*EXERCISE GOAL*.
When you transcribe the entries below, begin at their first line and stop after the line containing "Кусочек ограненного кристалла"; pictures stay out.

*DATA SHOWN*.
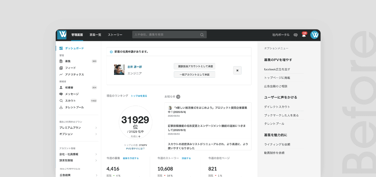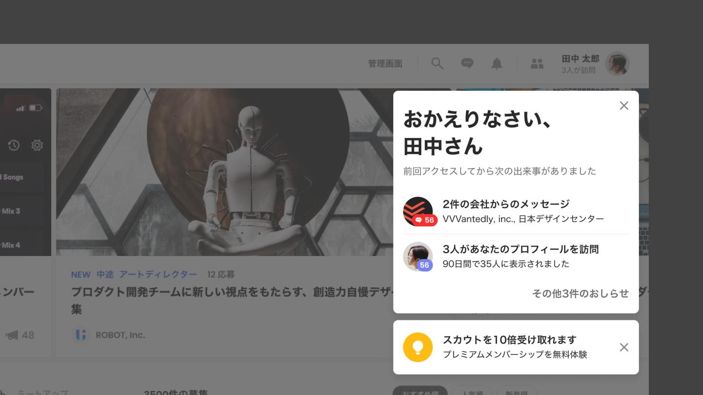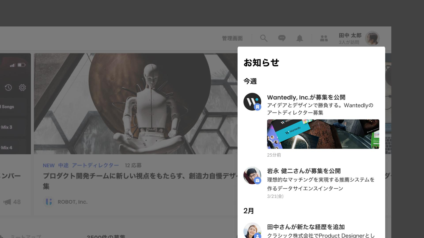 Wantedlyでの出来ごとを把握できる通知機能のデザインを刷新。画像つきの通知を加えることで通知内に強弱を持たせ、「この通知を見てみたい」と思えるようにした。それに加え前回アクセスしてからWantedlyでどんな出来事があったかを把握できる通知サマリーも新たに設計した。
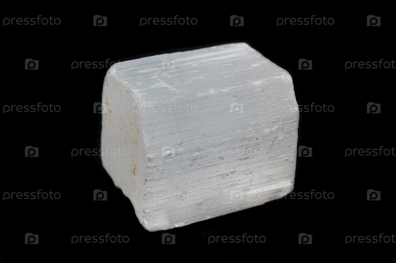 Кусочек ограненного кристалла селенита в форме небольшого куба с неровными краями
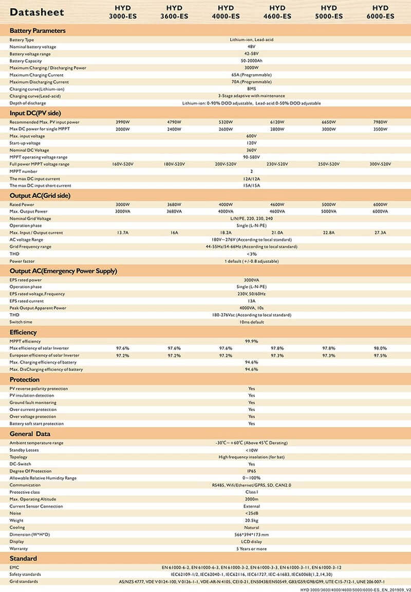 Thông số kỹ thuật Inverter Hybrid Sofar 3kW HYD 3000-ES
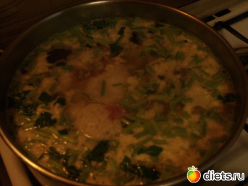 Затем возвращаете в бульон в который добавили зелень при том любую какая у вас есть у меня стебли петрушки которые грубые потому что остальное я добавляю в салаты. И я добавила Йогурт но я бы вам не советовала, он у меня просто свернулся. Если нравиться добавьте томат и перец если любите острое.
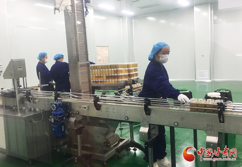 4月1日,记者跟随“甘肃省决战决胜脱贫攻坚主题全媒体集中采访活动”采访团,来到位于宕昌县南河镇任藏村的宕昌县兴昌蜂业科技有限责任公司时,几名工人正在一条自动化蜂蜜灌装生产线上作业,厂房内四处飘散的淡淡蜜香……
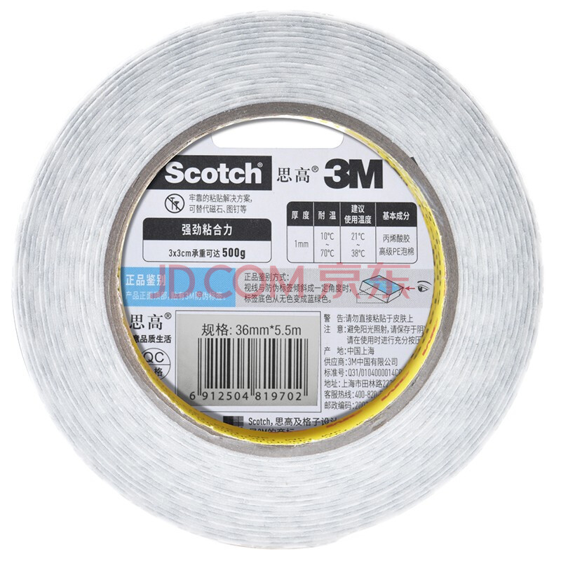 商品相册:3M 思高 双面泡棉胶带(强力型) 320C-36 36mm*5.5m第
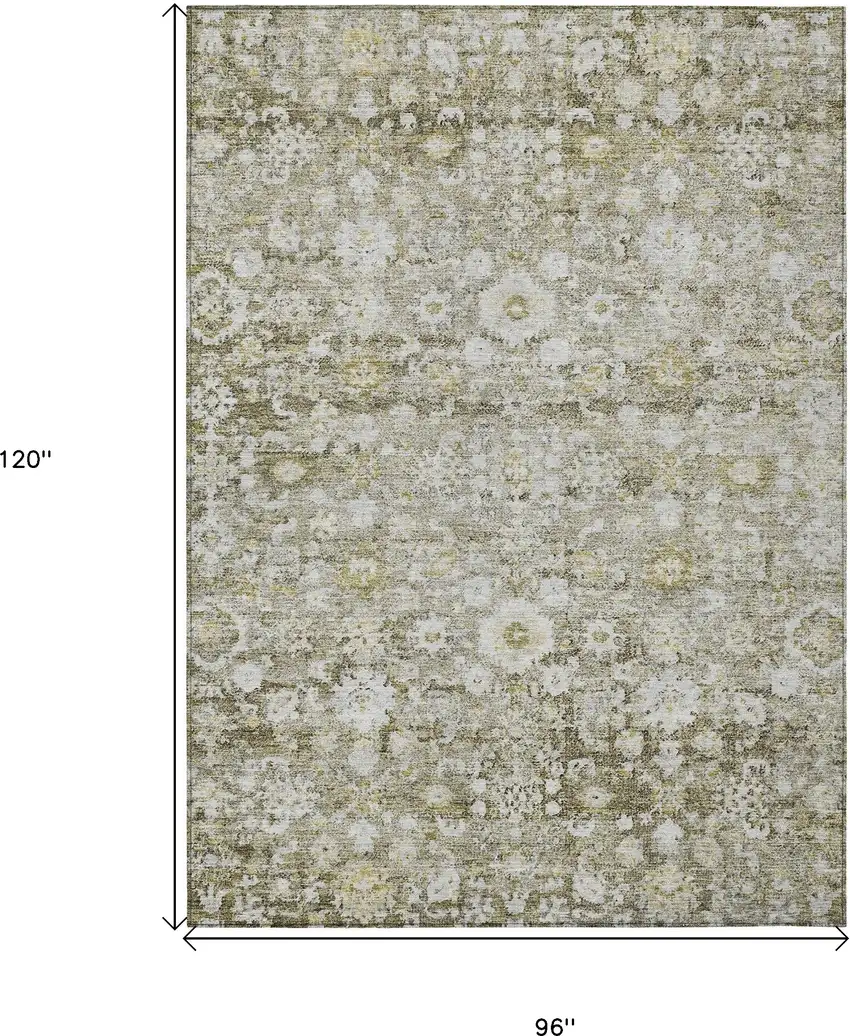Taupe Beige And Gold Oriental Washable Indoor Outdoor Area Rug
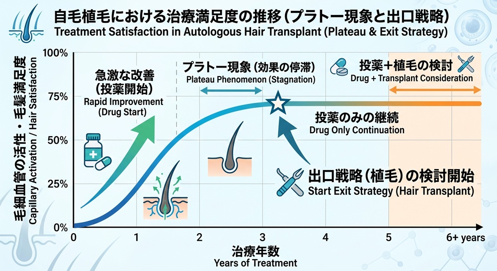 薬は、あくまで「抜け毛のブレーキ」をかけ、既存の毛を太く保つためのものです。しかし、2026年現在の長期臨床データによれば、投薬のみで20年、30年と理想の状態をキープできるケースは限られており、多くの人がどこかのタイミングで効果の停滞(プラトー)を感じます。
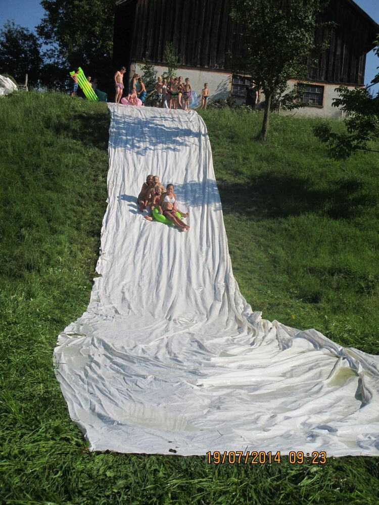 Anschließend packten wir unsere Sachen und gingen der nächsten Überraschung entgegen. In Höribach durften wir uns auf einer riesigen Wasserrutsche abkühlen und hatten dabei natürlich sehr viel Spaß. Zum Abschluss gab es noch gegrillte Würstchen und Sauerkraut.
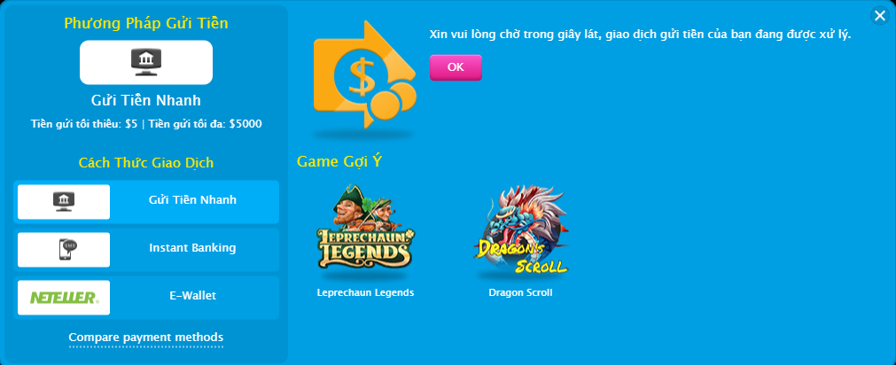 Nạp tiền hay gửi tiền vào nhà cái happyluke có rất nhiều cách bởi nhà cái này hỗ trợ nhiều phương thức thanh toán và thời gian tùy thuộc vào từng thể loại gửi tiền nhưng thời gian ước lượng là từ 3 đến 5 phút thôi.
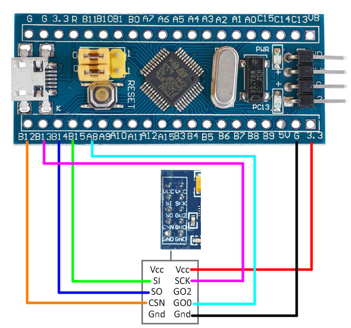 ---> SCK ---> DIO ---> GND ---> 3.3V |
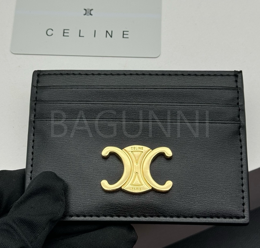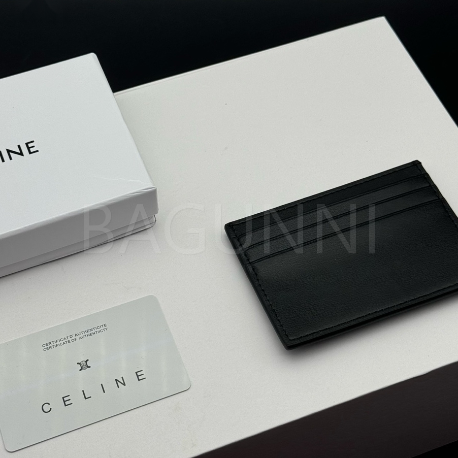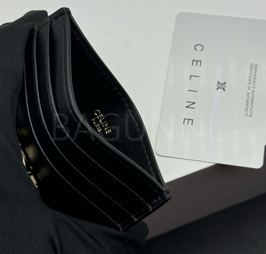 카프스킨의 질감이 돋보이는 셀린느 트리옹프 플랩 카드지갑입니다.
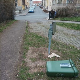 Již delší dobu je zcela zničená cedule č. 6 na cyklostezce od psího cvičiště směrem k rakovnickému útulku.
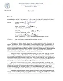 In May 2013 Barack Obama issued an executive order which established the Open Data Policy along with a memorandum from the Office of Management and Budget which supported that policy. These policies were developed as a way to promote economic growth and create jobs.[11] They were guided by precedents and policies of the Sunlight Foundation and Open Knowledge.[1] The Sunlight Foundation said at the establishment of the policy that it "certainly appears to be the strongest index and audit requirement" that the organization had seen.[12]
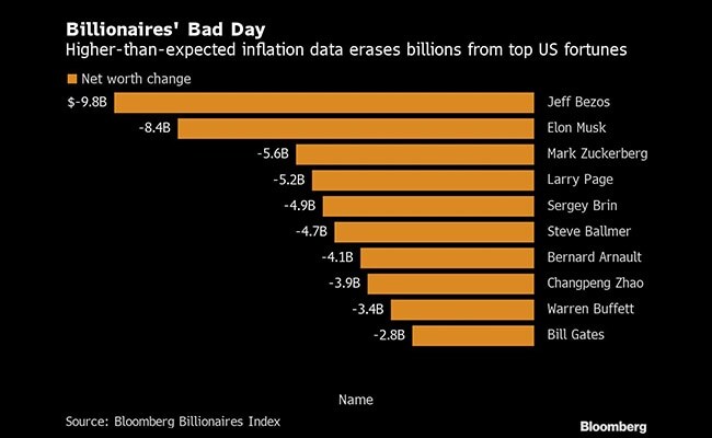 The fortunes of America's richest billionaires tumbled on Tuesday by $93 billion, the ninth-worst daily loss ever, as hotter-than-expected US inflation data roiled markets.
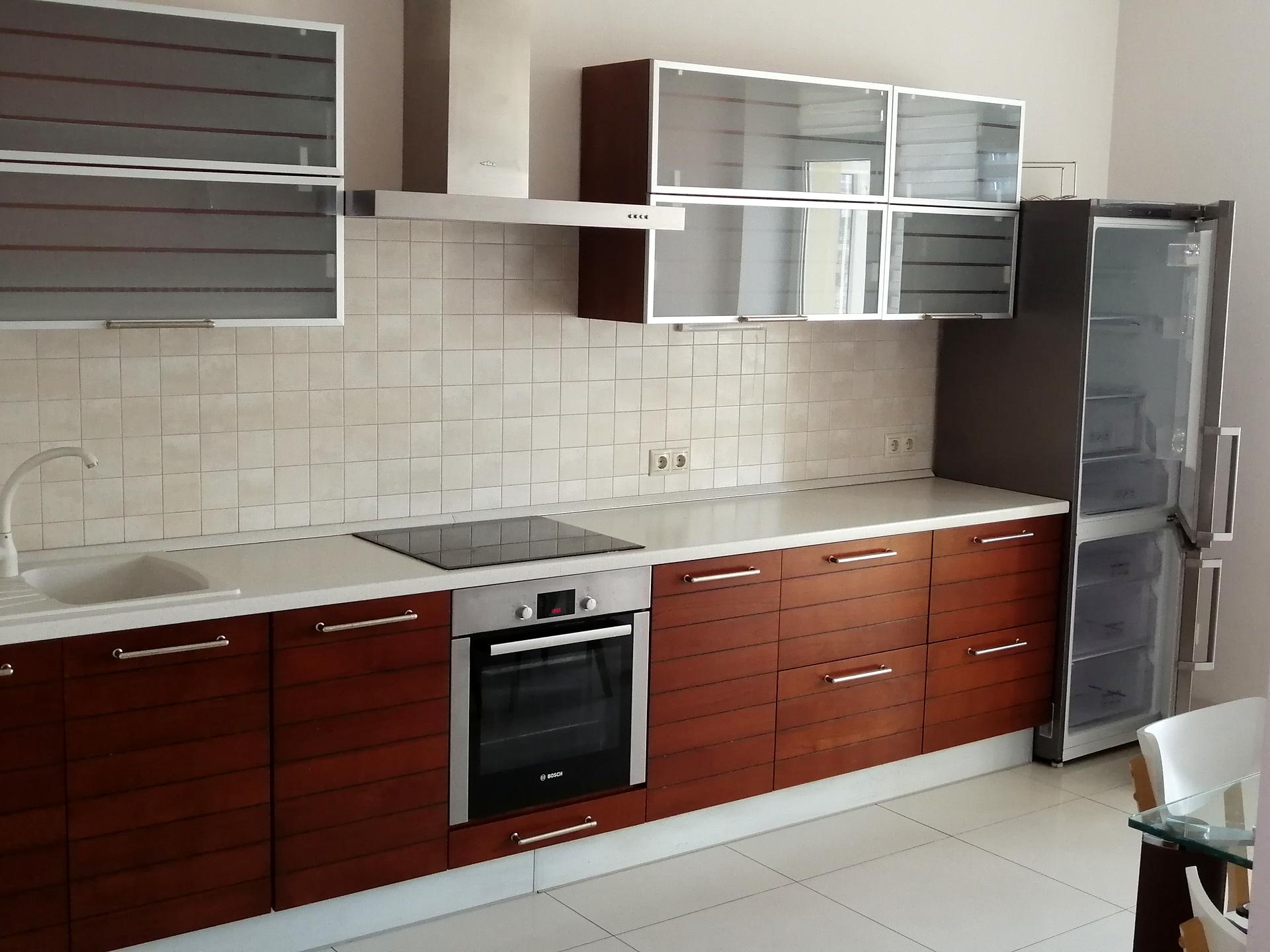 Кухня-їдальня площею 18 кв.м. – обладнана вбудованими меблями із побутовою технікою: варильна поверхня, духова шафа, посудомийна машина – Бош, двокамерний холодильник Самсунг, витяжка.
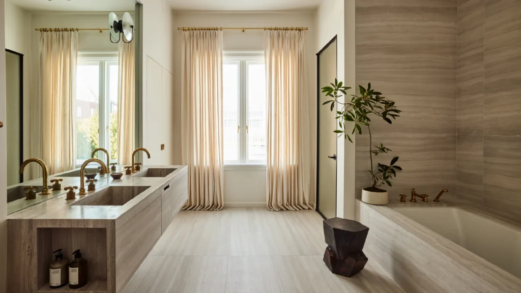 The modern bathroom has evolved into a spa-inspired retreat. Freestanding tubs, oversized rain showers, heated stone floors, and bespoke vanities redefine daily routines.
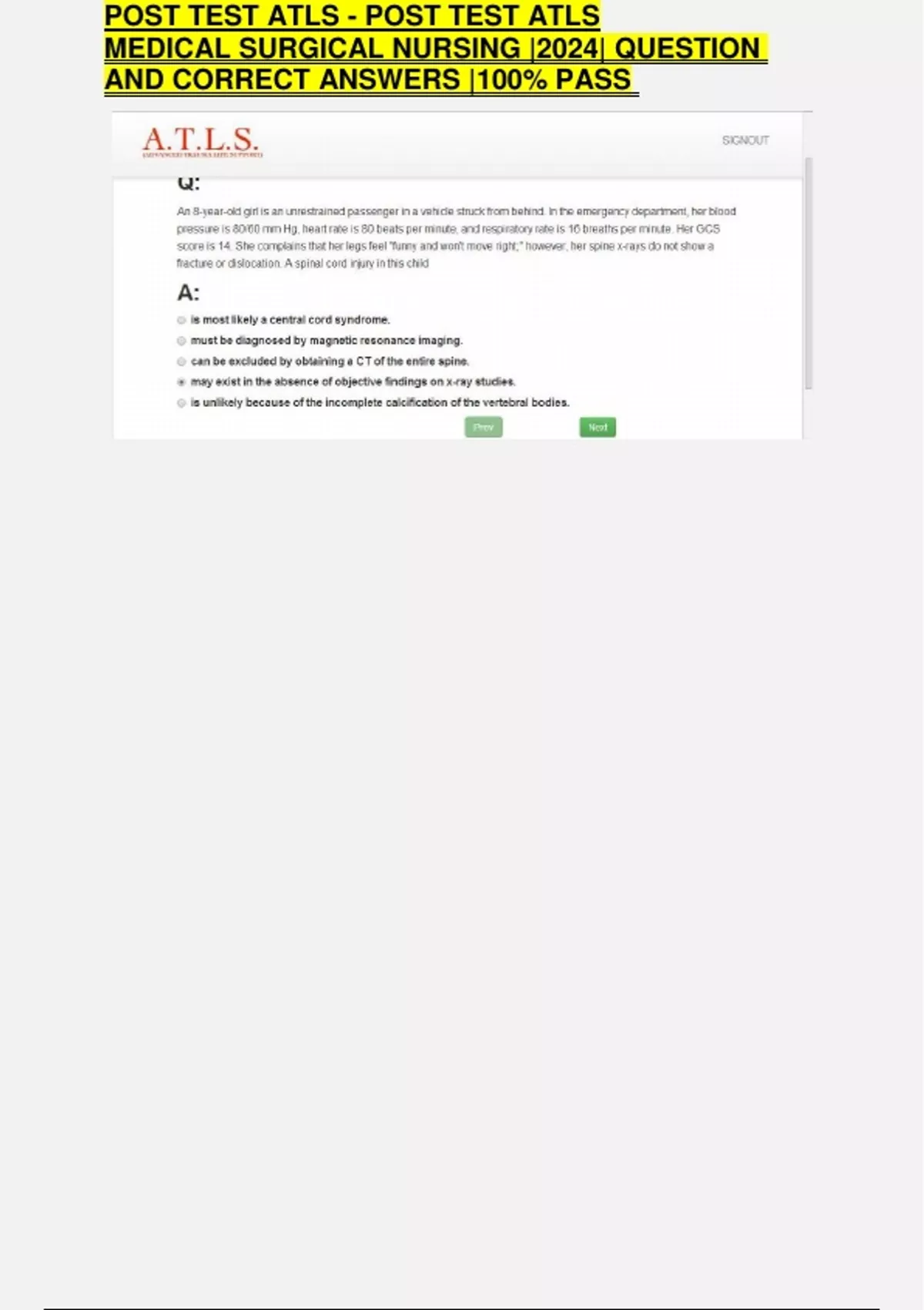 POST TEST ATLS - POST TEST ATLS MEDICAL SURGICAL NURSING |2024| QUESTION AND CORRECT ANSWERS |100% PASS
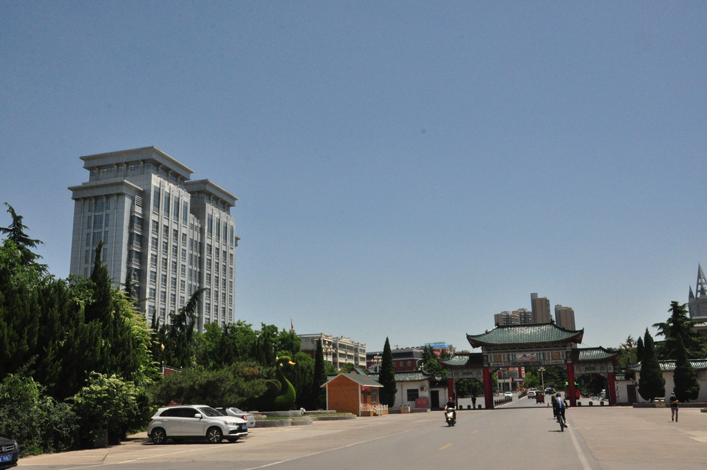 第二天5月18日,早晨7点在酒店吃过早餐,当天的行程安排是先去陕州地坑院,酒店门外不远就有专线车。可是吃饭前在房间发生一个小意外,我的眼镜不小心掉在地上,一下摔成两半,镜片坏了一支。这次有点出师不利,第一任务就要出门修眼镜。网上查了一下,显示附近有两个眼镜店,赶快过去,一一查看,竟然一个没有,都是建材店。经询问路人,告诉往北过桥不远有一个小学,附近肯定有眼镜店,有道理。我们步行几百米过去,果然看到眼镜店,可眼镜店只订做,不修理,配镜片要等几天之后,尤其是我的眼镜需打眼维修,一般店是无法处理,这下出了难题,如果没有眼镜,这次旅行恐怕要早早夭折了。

*TASK RESULT*.
 Wantedlyでの出来ごとを把握できる通知機能のデザインを刷新。画像つきの通知を加えることで通知内に強弱を持たせ、「この通知を見てみたい」と思えるようにした。それに加え前回アクセスしてからWantedlyでどんな出来事があったかを把握できる通知サマリーも新たに設計した。
 Кусочек ограненного кристалла селенита в форме небольшого куба с неровными краями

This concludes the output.